### Information shown
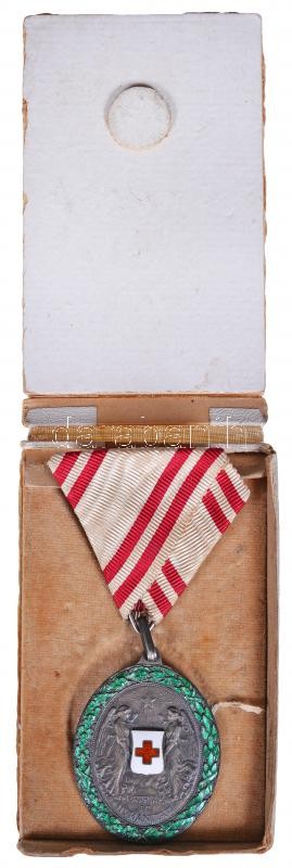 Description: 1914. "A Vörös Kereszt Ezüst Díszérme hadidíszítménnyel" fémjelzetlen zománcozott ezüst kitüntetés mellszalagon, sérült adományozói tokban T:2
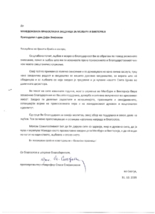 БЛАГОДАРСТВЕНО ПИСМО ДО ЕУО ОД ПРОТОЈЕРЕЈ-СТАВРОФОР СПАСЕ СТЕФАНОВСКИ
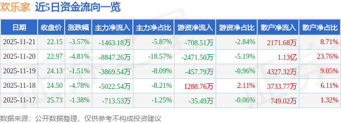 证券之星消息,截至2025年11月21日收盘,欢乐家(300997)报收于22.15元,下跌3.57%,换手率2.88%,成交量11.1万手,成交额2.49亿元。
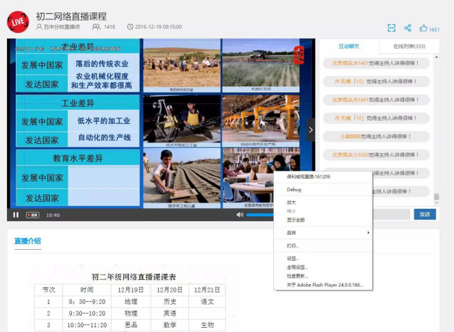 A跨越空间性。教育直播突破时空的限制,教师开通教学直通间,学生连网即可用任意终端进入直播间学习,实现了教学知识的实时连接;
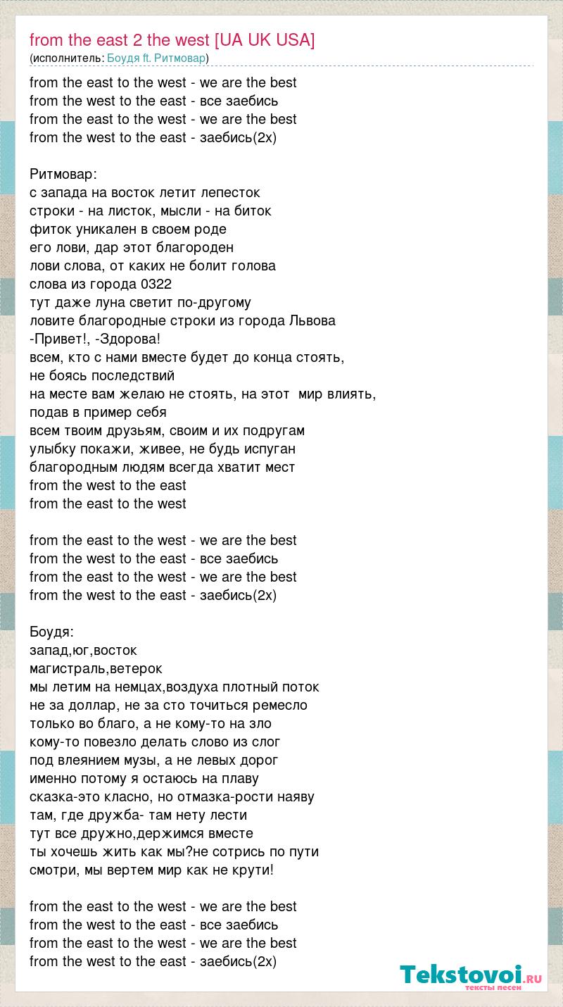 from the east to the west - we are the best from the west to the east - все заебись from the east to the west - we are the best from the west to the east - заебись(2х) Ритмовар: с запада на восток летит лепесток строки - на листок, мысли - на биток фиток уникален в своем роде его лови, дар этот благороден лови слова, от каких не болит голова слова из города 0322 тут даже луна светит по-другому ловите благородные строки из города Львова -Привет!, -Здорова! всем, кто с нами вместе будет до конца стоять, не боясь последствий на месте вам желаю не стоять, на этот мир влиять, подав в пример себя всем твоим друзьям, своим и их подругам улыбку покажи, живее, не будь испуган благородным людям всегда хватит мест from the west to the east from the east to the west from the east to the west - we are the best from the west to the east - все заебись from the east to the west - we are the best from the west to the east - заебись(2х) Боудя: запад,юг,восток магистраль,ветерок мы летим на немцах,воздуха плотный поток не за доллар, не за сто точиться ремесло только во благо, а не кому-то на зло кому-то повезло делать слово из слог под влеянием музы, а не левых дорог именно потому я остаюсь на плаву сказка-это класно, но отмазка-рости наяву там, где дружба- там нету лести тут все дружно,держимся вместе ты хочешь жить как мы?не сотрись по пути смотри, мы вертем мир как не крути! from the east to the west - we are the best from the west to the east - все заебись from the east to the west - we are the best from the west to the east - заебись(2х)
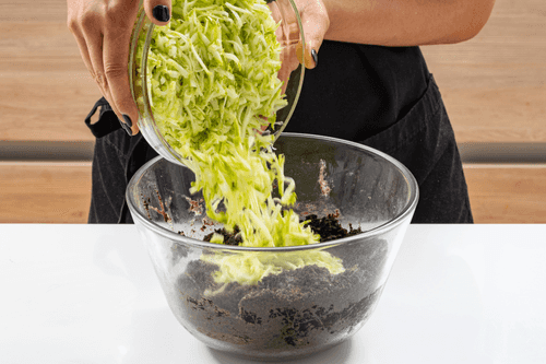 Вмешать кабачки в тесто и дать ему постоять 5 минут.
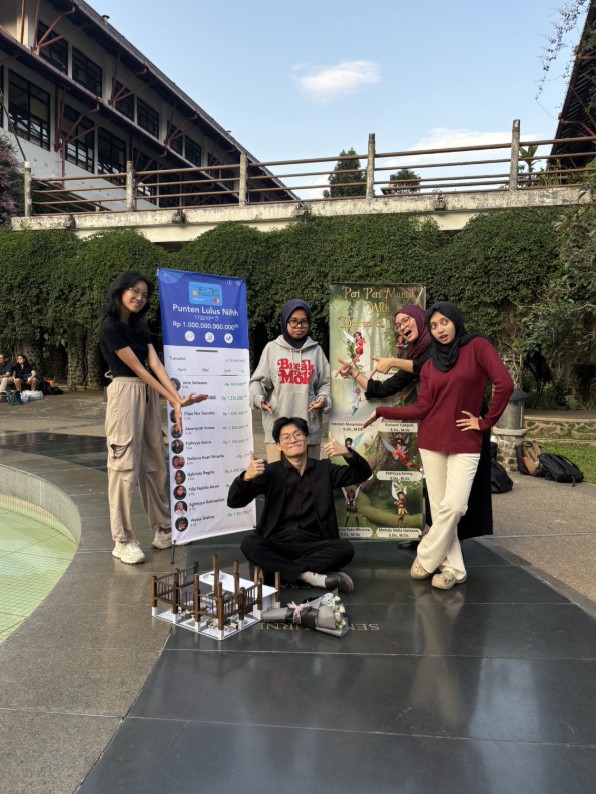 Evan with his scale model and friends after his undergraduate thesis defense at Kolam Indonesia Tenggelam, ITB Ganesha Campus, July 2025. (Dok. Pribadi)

* * *

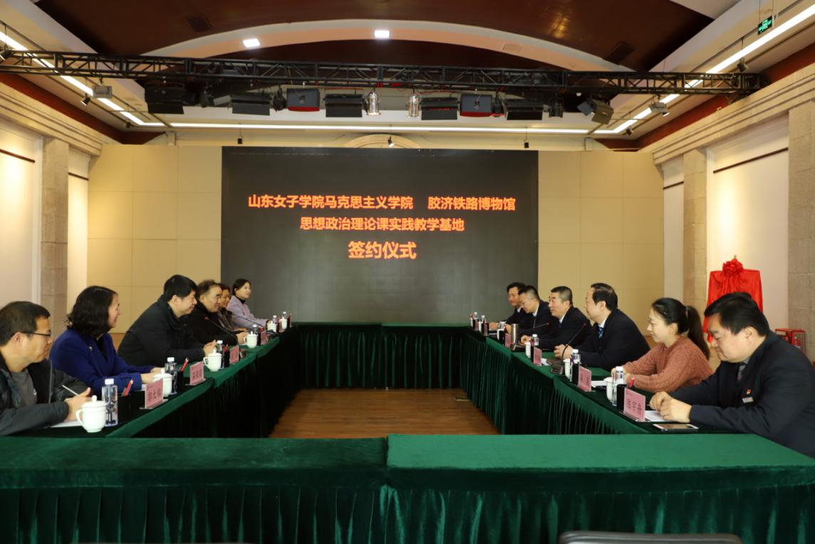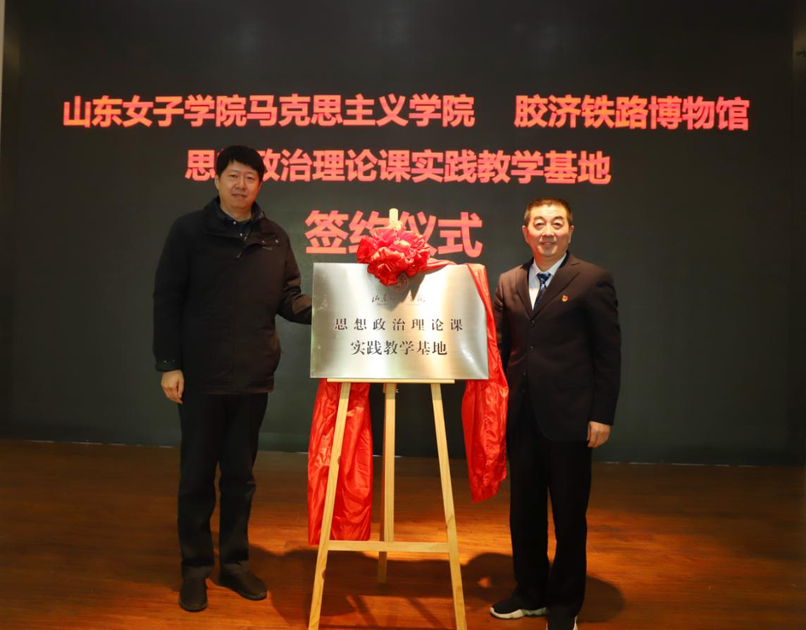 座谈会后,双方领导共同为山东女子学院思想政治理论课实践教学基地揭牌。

### Your assignment
With pictures excluded, reproduce exactly the lines above from the one containing "БЛАГОДАРСТВЕНО ПИСМО ДО" down to the one containing "A跨越空间性。教育直播突破时", those two included.

### Problem solution
 БЛАГОДАРСТВЕНО ПИСМО ДО ЕУО ОД ПРОТОЈЕРЕЈ-СТАВРОФОР СПАСЕ СТЕФАНОВСКИ
 证券之星消息,截至2025年11月21日收盘,欢乐家(300997)报收于22.15元,下跌3.57%,换手率2.88%,成交量11.1万手,成交额2.49亿元。
 A跨越空间性。教育直播突破时空的限制,教师开通教学直通间,学生连网即可用任意终端进入直播间学习,实现了教学知识的实时连接;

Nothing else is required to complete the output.